YOUR GOAL >> Starting at the first line of the listing below, repeat each line exactly until the line containing "アライメントの作業の流れはまずホイールに機械を", which you include. Leave out pictures.

DATASET EXTRACT >>
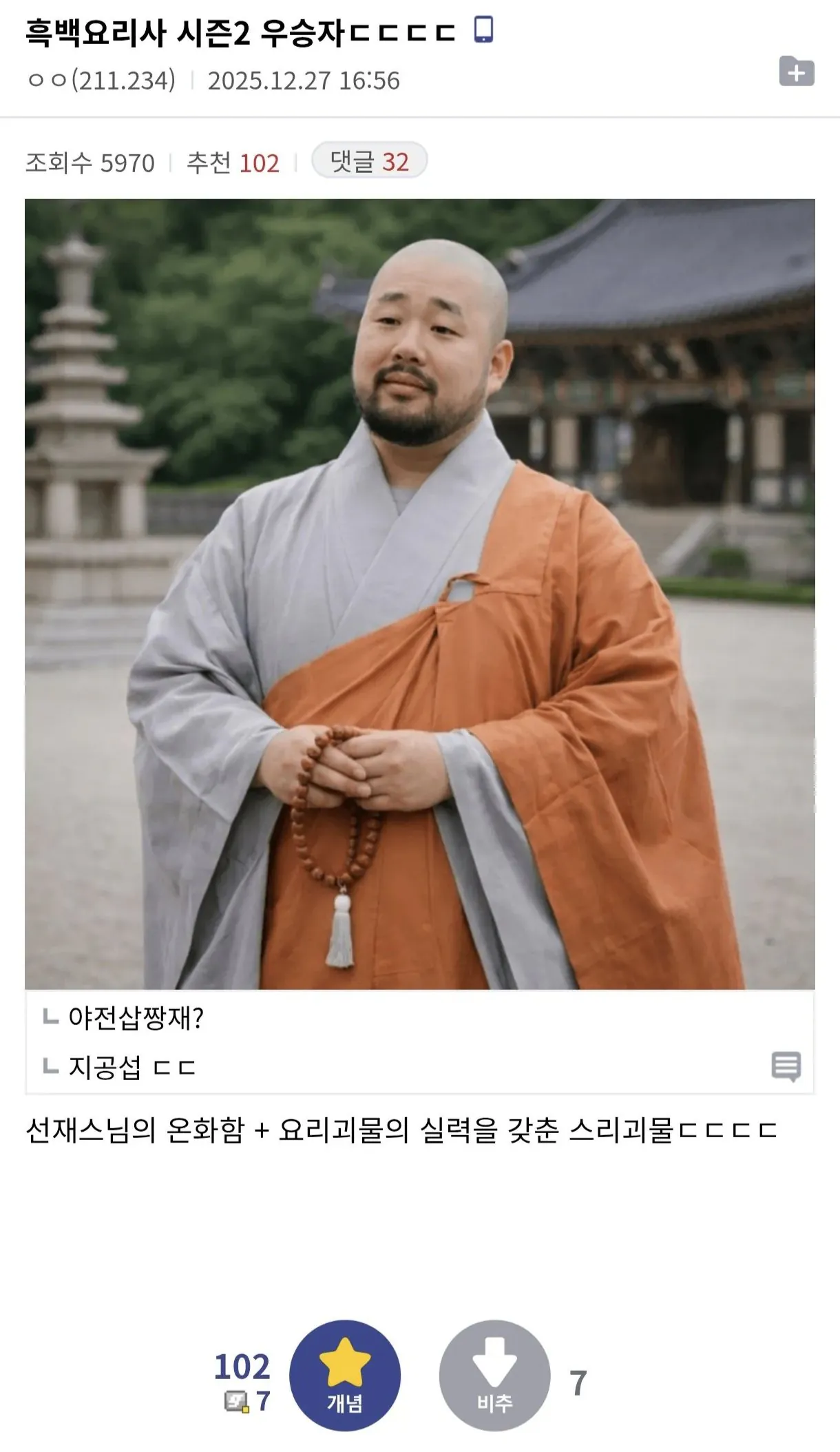 [유머] 디씨에 올라 온 흑백2 우승자 스포.jpg [댓글수 1]
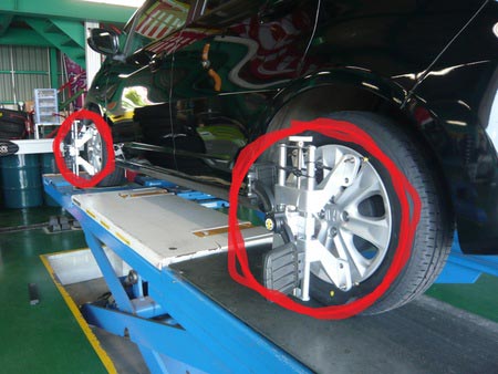 アライメントの作業の流れはまずホイールに機械を
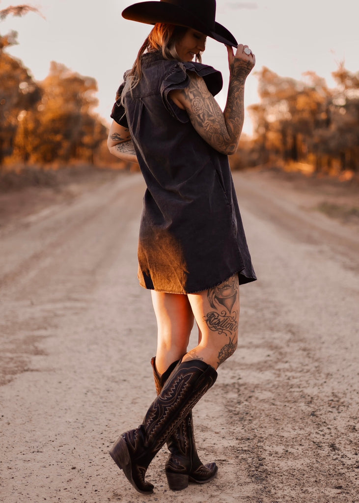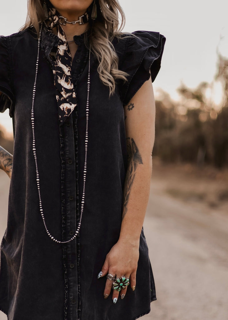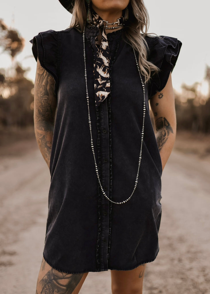 The Midnight Mesa Dress is western chic with a touch of edge. Crafted in a washed black denim look, this sleeveless shirt dress features pockets and subtle ruffle details on the shoulders for a feminine twist. Easy to style with boots, hats, or layered jewelry, it’s the perfect piece for day-to-night wear, at the rodeo, or out under the desert stars. A timeless staple for the modern western wardrobe.
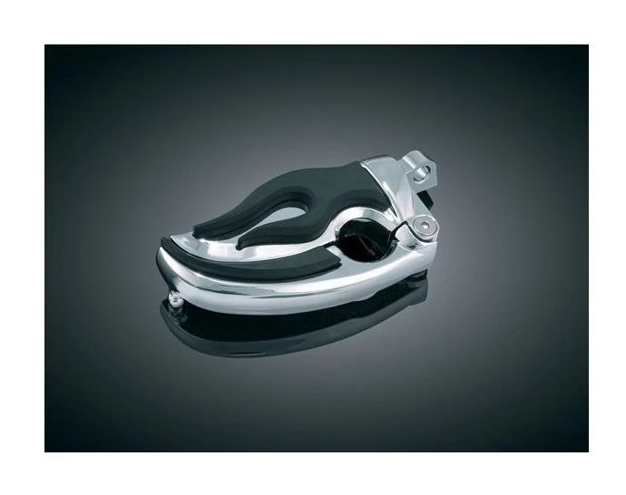 The flame design adds class and a timeless style to your bike. Designed with a flip-out arm for use as a heel rest that adds comfort on long rides and folds away when not needed. Features chrome bodies and rubber pad inserts that isolate the foot from vibration. The built-in curb-feeler hits the ground before your pegs do. The Flame pegs are available with late model H-D male-mount ends. Matching Shift Pegs and Brake Pedals also available separately.

ANSWER TO THE EXERCISE >>
 [유머] 디씨에 올라 온 흑백2 우승자 스포.jpg [댓글수 1]
 アライメントの作業の流れはまずホイールに機械を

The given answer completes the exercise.